Quotefor swollen college administrations, made possible/necessary by government regulation, people who spend their week mailing out forms to the government,

Institutions that decide to not take federal financial aid don't have to participate in the monthly reporting to the National Student Clearinghouse nor do they have to do the less-than-monthly reporting to IPEDS.  People who enroll in those institutions (generally unaccredited institutions with no external quality control) are not eligible for the government-backed loans. 

The clerks ensuring electronic data are being transferred (few paper forms are involved) generally aren't being paid the big bucks to do their job and, except at huge institutions, generally have additional useful duties related to keeping the internal processes going like being the financial aid clerks or the registrar front service desk.

Competent adults can make choices on how to spend their own money.  However, the evidence is that people are voting with their feet against the for-profit sector, especially when regulation to enforce minimum standards was applied: https://www.usatoday.com/story/news/education/2019/03/26/for-profit-college-closing-argosy-university/3271813002/

When the people's money is being spent, then asking on what it is being spent and ensuring the people are getting good value for that money is a reasonable government function.  Yes, that includes some overhead in providing the oversight.  However, except at the smallest of schools where compliance no longer scales with enrollment, complying with the funding reporting is not a primary driver of administration costs.

Eliminating the Title IX super expansion since 2011 would indeed be consistent with libertarian principles in not wasting money on non-government business.
Quote
as well as maintaining an expensive tenure system that continues despite not being the wishes of the public.

I doubt very much whether the public cares at all about the tenure system at the college level.  My impression from all the reading I do is that the public is quite angry that they pay a lot in taxes and don't get the public services (schools, roads, hospitals) for which the taxes were supposed to pay.  Fooling around with breadth requirements to make college take longer instead of having solid K-12 education so that people can then specialize in tertiary education for a shorter degree tends to be more popular in the discussions where I read.

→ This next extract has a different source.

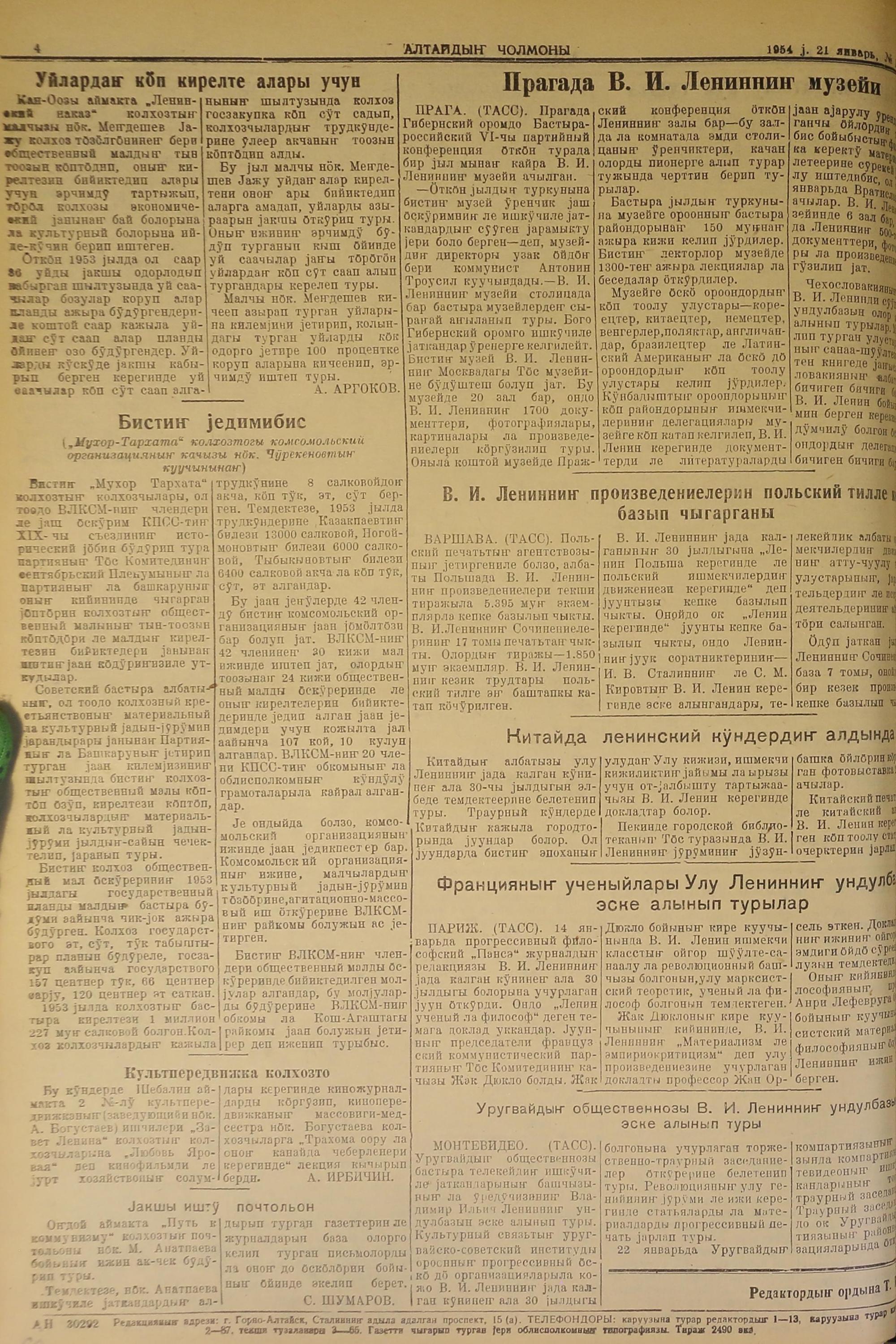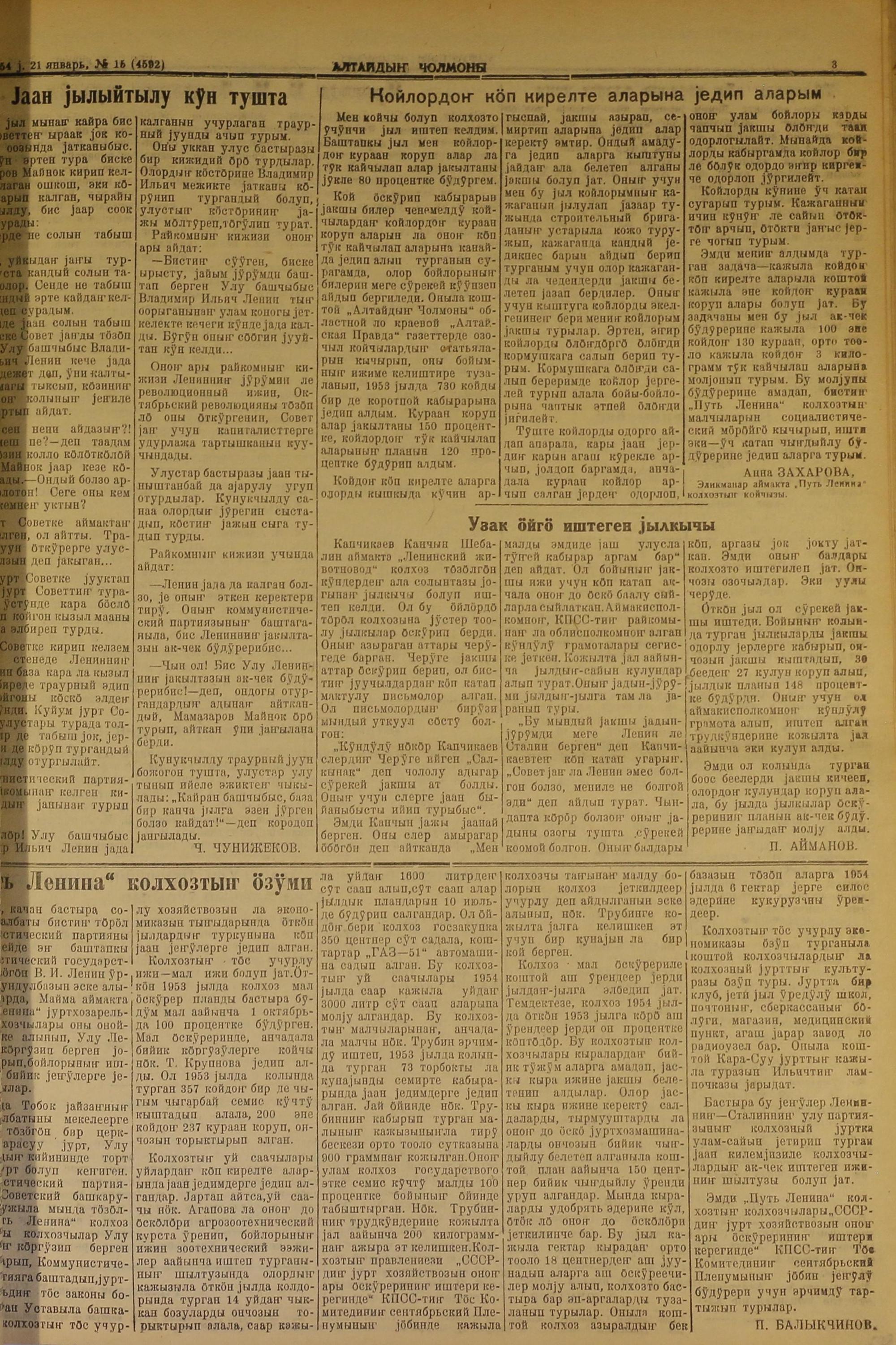 Altaidin Cholmoni/1954/15/

What would be unlibertarian includes:

* mandating the types of faculty who must be employed at an institution including what types of contracts are allowed to be entered by competent adults
* mandating what classes must be offered and what the qualifications faculty must have to teach the classes
* mandating how an institution must structure itself in terms of how many employees of what type are allowed
Quote from: hmaria1609 on June 27, 2019, 07:07:43 PM
Do whatever you want--I'm just the background dancer in your show!

mahagonny

#103
Quote from: polly_mer on October 15, 2019, 04:47:55 AM


...needs a new thread

https://www.realclearpolitics.com/articles/2019/10/15/what_pelosi_really_wants_from_impeachment_141494.html

This makes sense to me. Of course the author doesn't want Trump to lose in 2020. It's not hard to see his hopes, reading through the lines.

Then again, if someone commits impeachable offenses, it is your job as a member of Congress to act on it, whether or not you think the impeachment vote will be for.


mamselle

Apropos of none of the above, inviting the grieving parents of a kid killed in a hit-and-run accident (by a diplomat's spouse in the UK who fled the scene--and the country) to the WH with the idea of bringing out the offender from a side room--with photographers alerted to the scene as a photo-OP, may not be an impeachable offense.

But it's terribly offensive. The confusion between real-life grief and reality-show drama is pathological.

M.
Forsake the foolish, and live; and go in the way of understanding.

Reprove not a scorner, lest they hate thee: rebuke the wise, and they will love thee.

Give instruction to the wise, and they will be yet wiser: teach the just, and they will increase in learning.